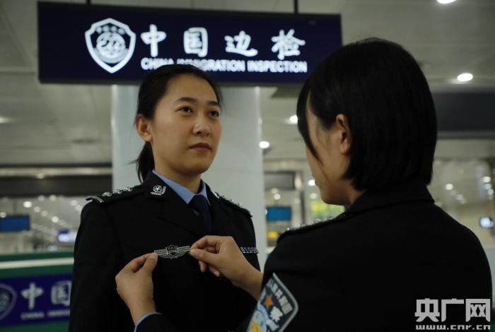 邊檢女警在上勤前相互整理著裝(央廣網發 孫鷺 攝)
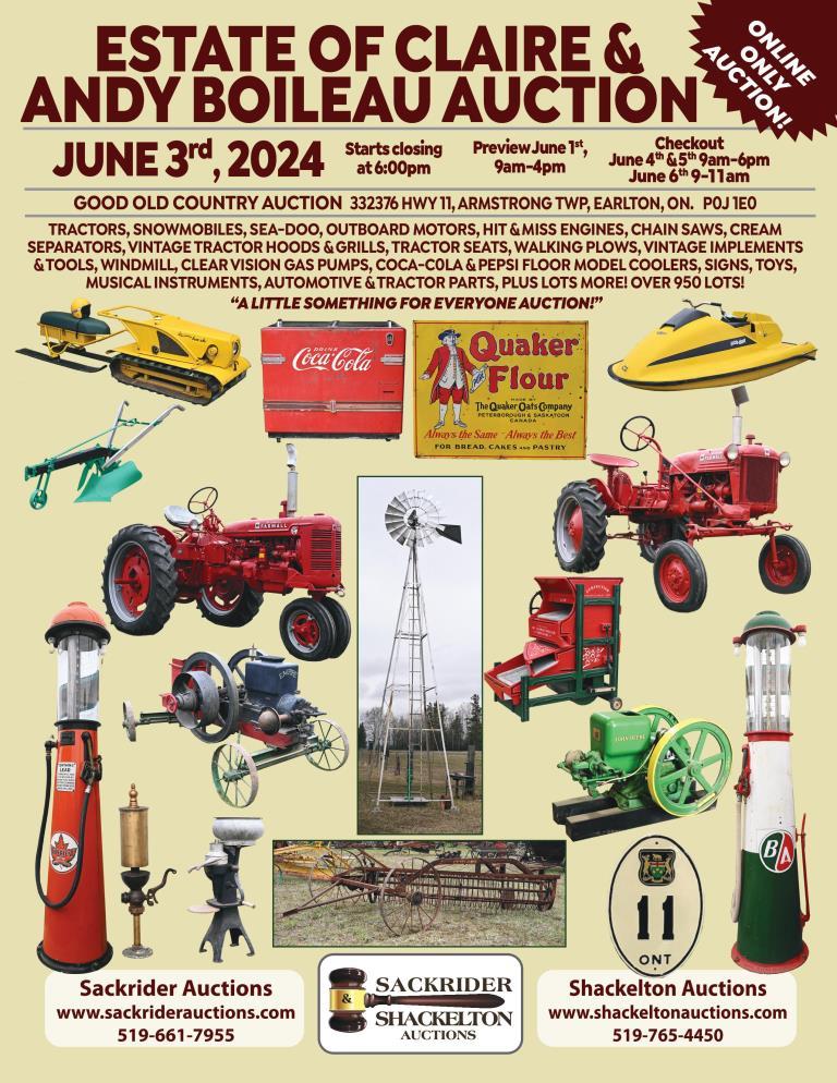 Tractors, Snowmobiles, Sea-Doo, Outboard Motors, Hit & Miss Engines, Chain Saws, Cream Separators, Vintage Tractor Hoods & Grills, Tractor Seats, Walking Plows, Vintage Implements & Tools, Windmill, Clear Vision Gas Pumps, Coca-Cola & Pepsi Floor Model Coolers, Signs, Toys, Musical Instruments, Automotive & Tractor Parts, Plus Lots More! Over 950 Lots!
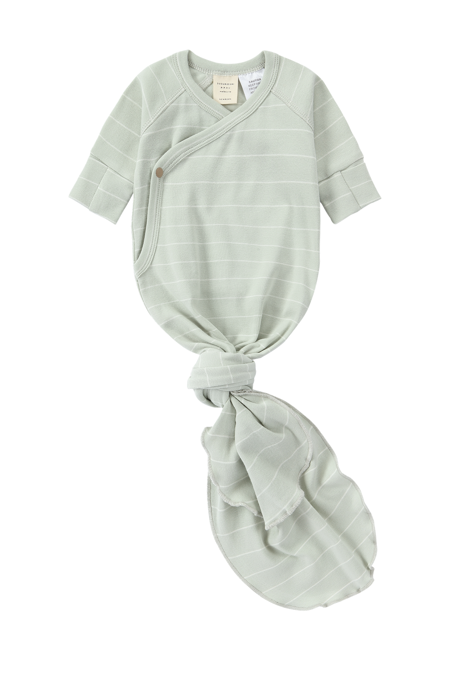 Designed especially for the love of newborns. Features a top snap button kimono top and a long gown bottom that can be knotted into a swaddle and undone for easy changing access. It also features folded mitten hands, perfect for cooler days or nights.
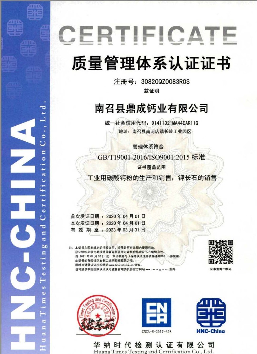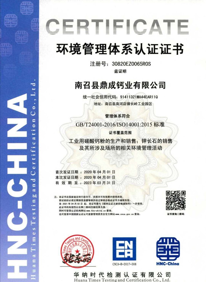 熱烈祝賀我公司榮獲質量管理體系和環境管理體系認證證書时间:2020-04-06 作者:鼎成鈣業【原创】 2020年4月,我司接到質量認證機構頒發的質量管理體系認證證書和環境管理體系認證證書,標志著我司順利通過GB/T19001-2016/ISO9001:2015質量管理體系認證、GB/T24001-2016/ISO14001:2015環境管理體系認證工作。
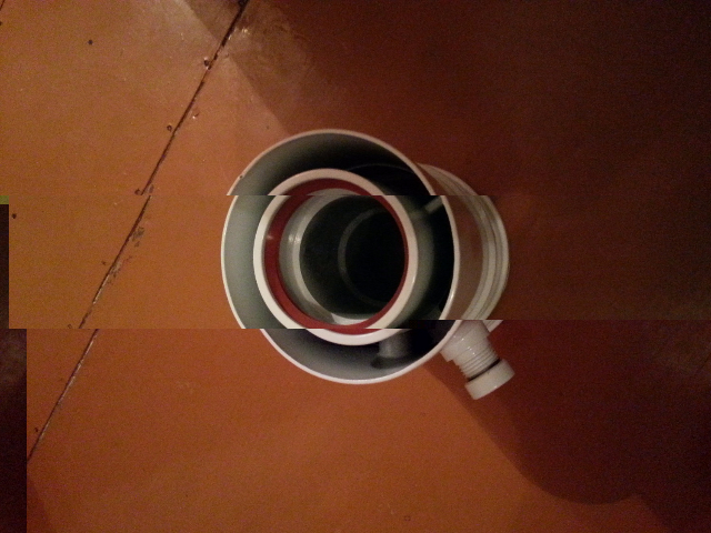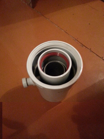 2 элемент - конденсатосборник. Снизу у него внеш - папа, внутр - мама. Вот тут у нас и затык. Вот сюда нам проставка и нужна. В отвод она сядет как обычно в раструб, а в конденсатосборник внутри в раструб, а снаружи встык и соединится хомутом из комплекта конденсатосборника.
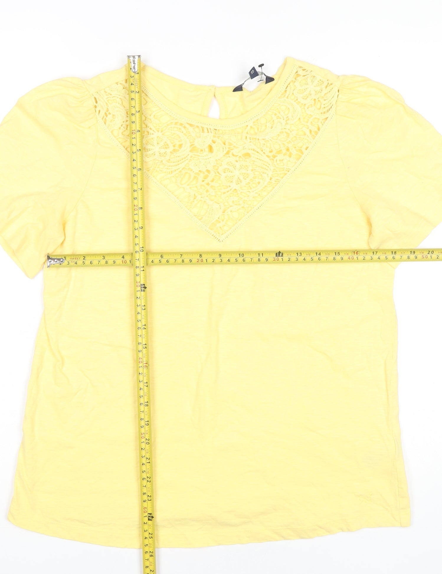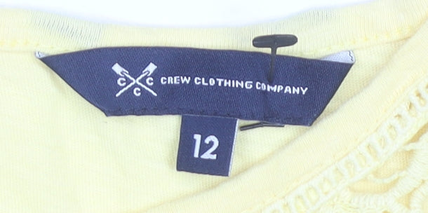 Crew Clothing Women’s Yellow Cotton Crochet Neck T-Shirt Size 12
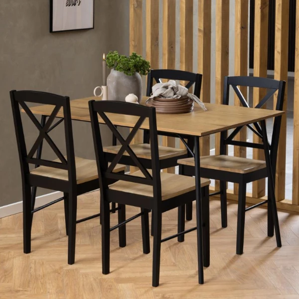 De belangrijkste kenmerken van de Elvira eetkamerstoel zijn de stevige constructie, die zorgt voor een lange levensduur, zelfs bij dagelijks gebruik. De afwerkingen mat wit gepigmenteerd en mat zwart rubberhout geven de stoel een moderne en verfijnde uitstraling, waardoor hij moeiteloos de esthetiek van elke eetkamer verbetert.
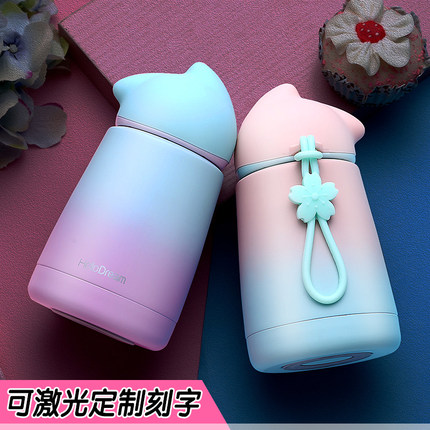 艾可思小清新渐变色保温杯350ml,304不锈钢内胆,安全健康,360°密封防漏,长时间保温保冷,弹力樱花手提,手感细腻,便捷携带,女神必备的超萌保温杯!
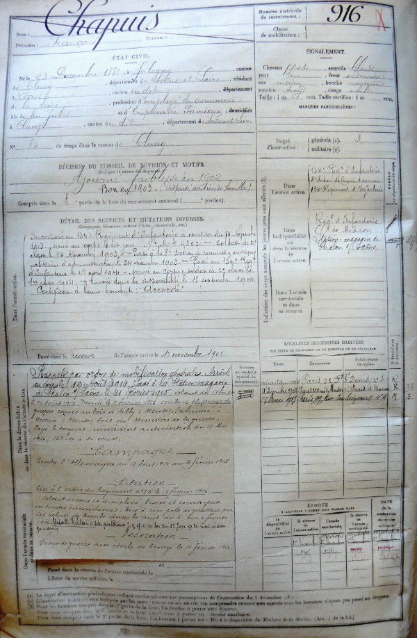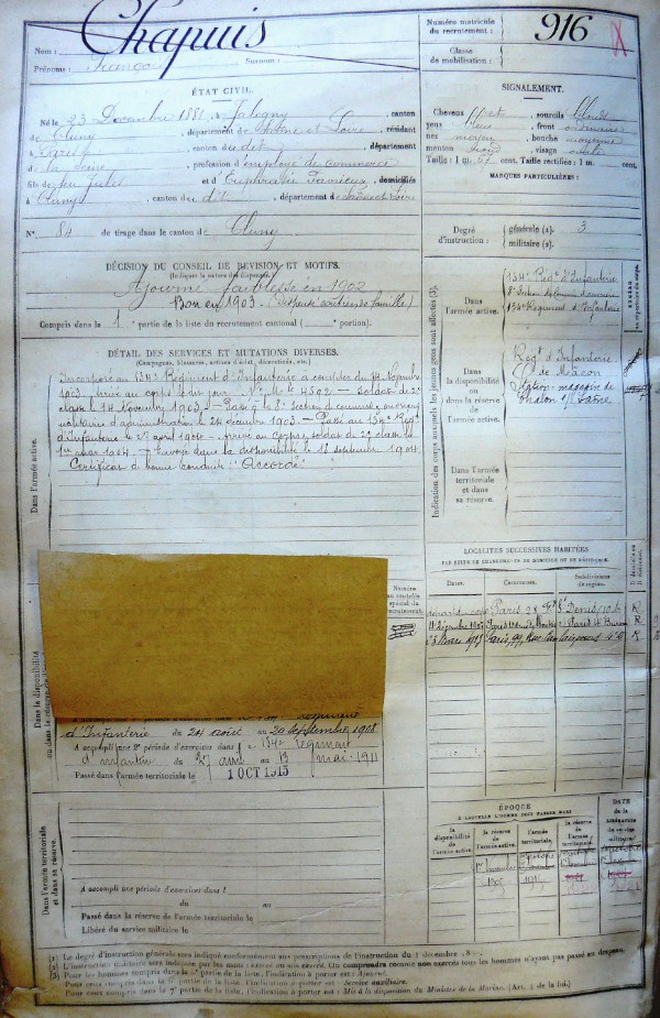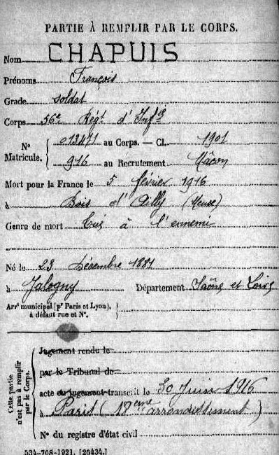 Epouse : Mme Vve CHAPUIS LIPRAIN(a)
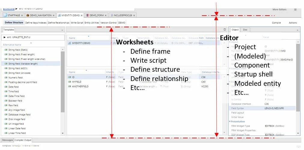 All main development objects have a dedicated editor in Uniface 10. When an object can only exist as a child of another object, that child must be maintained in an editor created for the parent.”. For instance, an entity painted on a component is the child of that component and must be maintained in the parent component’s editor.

▶ [ACTION ITEM] The records shown above are to be repeated exactly, with the pictures left out.

▶ [EXERCISE ANSWER]
 邊檢女警在上勤前相互整理著裝(央廣網發 孫鷺 攝)
 Tractors, Snowmobiles, Sea-Doo, Outboard Motors, Hit & Miss Engines, Chain Saws, Cream Separators, Vintage Tractor Hoods & Grills, Tractor Seats, Walking Plows, Vintage Implements & Tools, Windmill, Clear Vision Gas Pumps, Coca-Cola & Pepsi Floor Model Coolers, Signs, Toys, Musical Instruments, Automotive & Tractor Parts, Plus Lots More! Over 950 Lots!
 Designed especially for the love of newborns. Features a top snap button kimono top and a long gown bottom that can be knotted into a swaddle and undone for easy changing access. It also features folded mitten hands, perfect for cooler days or nights.
 熱烈祝賀我公司榮獲質量管理體系和環境管理體系認證證書时间:2020-04-06 作者:鼎成鈣業【原创】 2020年4月,我司接到質量認證機構頒發的質量管理體系認證證書和環境管理體系認證證書,標志著我司順利通過GB/T19001-2016/ISO9001:2015質量管理體系認證、GB/T24001-2016/ISO14001:2015環境管理體系認證工作。
 2 элемент - конденсатосборник. Снизу у него внеш - папа, внутр - мама. Вот тут у нас и затык. Вот сюда нам проставка и нужна. В отвод она сядет как обычно в раструб, а в конденсатосборник внутри в раструб, а снаружи встык и соединится хомутом из комплекта конденсатосборника.
 Crew Clothing Women’s Yellow Cotton Crochet Neck T-Shirt Size 12
 De belangrijkste kenmerken van de Elvira eetkamerstoel zijn de stevige constructie, die zorgt voor een lange levensduur, zelfs bij dagelijks gebruik. De afwerkingen mat wit gepigmenteerd en mat zwart rubberhout geven de stoel een moderne en verfijnde uitstraling, waardoor hij moeiteloos de esthetiek van elke eetkamer verbetert.
 艾可思小清新渐变色保温杯350ml,304不锈钢内胆,安全健康,360°密封防漏,长时间保温保冷,弹力樱花手提,手感细腻,便捷携带,女神必备的超萌保温杯!
 Epouse : Mme Vve CHAPUIS LIPRAIN(a)
 All main development objects have a dedicated editor in Uniface 10. When an object can only exist as a child of another object, that child must be maintained in an editor created for the parent.”. For instance, an entity painted on a component is the child of that component and must be maintained in the parent component’s editor.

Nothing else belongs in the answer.